== WHAT YOU WILL DO ==
Set down, please, exactly the lines below that run from the line with "パールとパールの間はひとつひとつ結び目を作るノット仕上げのネックレスです。" to the line with "The collection of", both lines included.

== Data excerpts ==
⟨

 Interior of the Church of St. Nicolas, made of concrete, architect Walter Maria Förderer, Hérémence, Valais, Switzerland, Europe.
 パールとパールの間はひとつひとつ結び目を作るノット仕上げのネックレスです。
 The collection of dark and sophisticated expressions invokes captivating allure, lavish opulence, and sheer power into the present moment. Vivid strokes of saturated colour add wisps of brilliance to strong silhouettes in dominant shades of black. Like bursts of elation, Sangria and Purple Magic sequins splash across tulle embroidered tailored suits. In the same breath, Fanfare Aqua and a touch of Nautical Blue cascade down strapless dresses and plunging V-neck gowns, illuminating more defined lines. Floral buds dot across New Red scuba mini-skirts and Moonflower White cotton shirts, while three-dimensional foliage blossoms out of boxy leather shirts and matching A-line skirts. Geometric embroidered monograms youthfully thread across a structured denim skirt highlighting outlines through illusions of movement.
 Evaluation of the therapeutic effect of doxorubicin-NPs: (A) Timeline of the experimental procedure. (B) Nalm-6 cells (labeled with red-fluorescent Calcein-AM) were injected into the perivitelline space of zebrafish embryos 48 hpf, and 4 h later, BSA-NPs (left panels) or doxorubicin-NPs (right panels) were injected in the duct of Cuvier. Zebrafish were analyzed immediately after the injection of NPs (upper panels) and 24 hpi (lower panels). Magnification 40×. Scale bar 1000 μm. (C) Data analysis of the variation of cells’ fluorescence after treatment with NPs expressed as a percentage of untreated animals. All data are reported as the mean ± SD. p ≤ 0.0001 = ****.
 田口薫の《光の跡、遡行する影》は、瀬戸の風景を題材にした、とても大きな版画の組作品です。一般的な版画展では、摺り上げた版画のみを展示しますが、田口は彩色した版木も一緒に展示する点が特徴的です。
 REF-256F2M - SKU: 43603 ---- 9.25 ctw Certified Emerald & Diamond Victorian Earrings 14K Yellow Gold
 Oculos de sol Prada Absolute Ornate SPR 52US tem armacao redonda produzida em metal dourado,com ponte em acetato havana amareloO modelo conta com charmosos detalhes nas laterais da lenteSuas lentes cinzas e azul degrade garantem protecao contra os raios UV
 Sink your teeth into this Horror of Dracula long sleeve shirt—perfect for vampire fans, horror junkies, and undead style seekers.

⟩

== RESPONSE BOX ==
 パールとパールの間はひとつひとつ結び目を作るノット仕上げのネックレスです。
 The collection of dark and sophisticated expressions invokes captivating allure, lavish opulence, and sheer power into the present moment. Vivid strokes of saturated colour add wisps of brilliance to strong silhouettes in dominant shades of black. Like bursts of elation, Sangria and Purple Magic sequins splash across tulle embroidered tailored suits. In the same breath, Fanfare Aqua and a touch of Nautical Blue cascade down strapless dresses and plunging V-neck gowns, illuminating more defined lines. Floral buds dot across New Red scuba mini-skirts and Moonflower White cotton shirts, while three-dimensional foliage blossoms out of boxy leather shirts and matching A-line skirts. Geometric embroidered monograms youthfully thread across a structured denim skirt highlighting outlines through illusions of movement.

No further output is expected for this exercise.